A Regional, Zone-Defense Model for Resilience
Instead of building custom recovery processes for each new disaster, ISD advocates for strengthening continuity at the regional and structural levels:
the Southeast, where heat, flooding, and hurricanes converge
the Southwest, facing water scarcity, extreme heat, and wildfire
the West Coast, managing seismic risk, climate volatility, and housing fragility
the Midwest, grappling with aging infrastructure and manufacturing transitions
Each region has predictable stress patterns—meaning predictable opportunities to strengthen continuity before the next shock hits. Zone defense means:
reducing harm continuously,
addressing root causes of vulnerability,
and building systems that remain functional even during disruption.
Why ISD Is Different—and Why We Created the ISD Academy
This is also why ISD is fundamentally different from most sustainable development, climate, and disaster-response organizations. To break through, we have to change mindsets. We have to help leaders understand the full dimensions of community management—the same way businesses consider both upside opportunity and downside risk. A company that only chases the latest opportunities without managing its risks isn’t truly sustainable; neither is a community.

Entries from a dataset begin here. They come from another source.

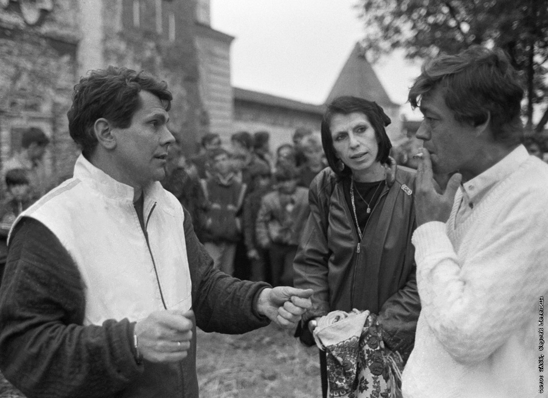 Кинорежиссер Юрис Подниекс (слева), английский продюсер Вероника Боднарк и Николай Караченцов во время обсуждения съемок в Никитской слободе. Август 1987 года.
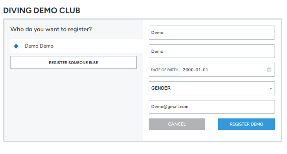 If you want to register someone other than yourself (for example, your children), simply click on "Register someone else" and enter their information.
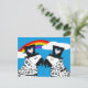 Das ist ein niedliches Paar, das transgender und homosexuell ist. Sie sind auch Papageien. Regenbogen, blauer Himmel und einige Wolken im Hintergrund.
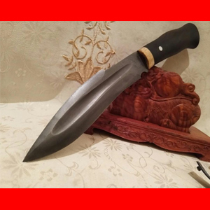 工艺特点:刃材为特硬百炼花纹钢 刀柄材料为非洲黑檀 刀鞘牛皮 挡手野生鹿角切片
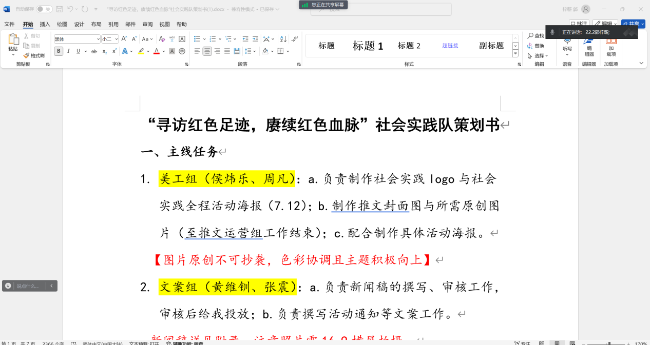 紧接着,郭梓蕲向各位成员讲解了本次社会实践的时间与流程。本次社会实践将于7月15日至8月15日以线上线下相结合的方式开展。团队将采取社区宣讲、红色遗址走访调查、电台录制等多种形式宣传红色精神,传播革命文化,了解社会实践背景与现状,并希望能引起社会各界广泛关注。同时,郭梓蕲强调了社会实践宣传的重要性,指出社会实践不仅需要做出来,还需要让大家看得到。为此团队采取了撰写推文、发布新闻稿、利用媒体平台等渠道进行宣传,积极探索宣传社会实践的渠道。
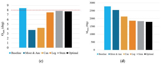 The optimal values at each component step for MSMA,eq, ϴmax, ϕmax, and amax, along with respective constraints, are shown in Figure 12. On the other hand, the key component design variables and constraint differences between the baseline and optimal parked substructure configuration are listed in Table 6. Comparison between the equivalent and actual component mass distributions of the optimal parked substructure configuration can be found in Figure A3 of Appendix A.
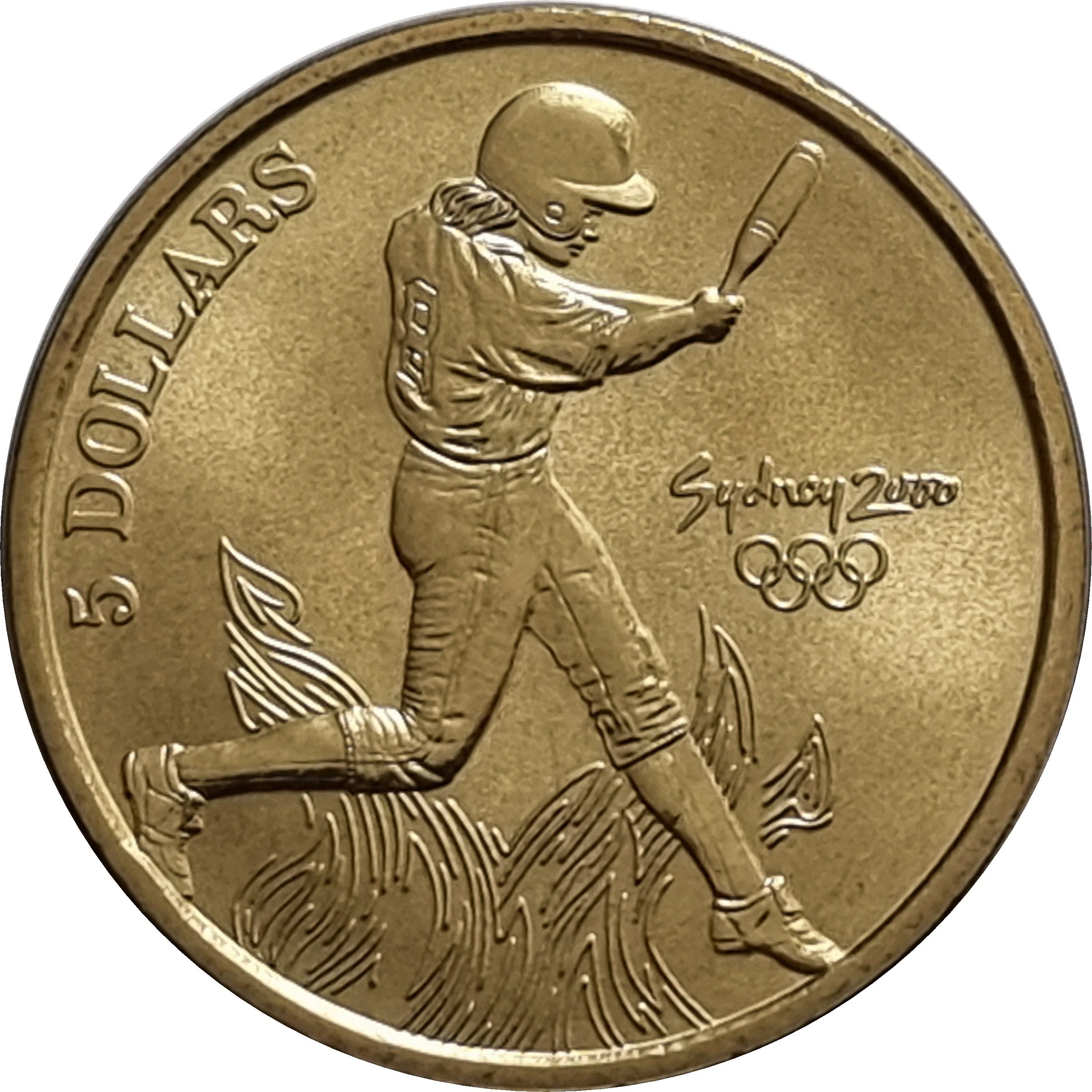 A softball player in mid-swing, with the Sydney 2000 logo and Olympic rings beside it.

One of our biggest challenges as a country is that people have been conditioned for decades to see these issues only through an emergency-management lens. So we're like the tennis player with the over-developed right arm compared to the rest of his body - we're great at saving lives, not so good at preventing the economic damages or displacement that takes place. 2025 has been relatively peaceful, but just last year 11 million people were displaced from their homes.
However when community leaders adopt ISD’s continuity-centered approach, the dividends are enormous: stronger economic performance, more reliable public systems, reduced long-term costs, and far greater stability when disruption comes. The current system simply doesn’t deliver those benefits because it wasn’t designed for continuous resilience.
This is also why we created the ISD Academy—to train leaders, practitioners, and partners in the skills and frameworks needed for continuous resilience management. The Academy helps communities shift from reactive disaster cycles to long-term continuity thinking, and it builds the talent pipeline required to support resilience year-round.
Staying in Position
Disaster response will always matter. Emergency managers will always be essential.
But the country cannot prosper by chasing the ball every time it moves.We need a system that stays in position—covering the entire field of risk, strengthening communities every day, and ensuring that when disruption comes, it is survivable, manageable, and brief.
That’s the future ISD is working to build.

It’s so true….. ‘Businesses already understand this. They don’t build “Business Emergency Plans.” They build Business Continuity Plans.’ Performance management systems are built on a SWOT like analysis of risk and opportunity. I think n Community Continuity and Continuous Resilience is where we should be focused.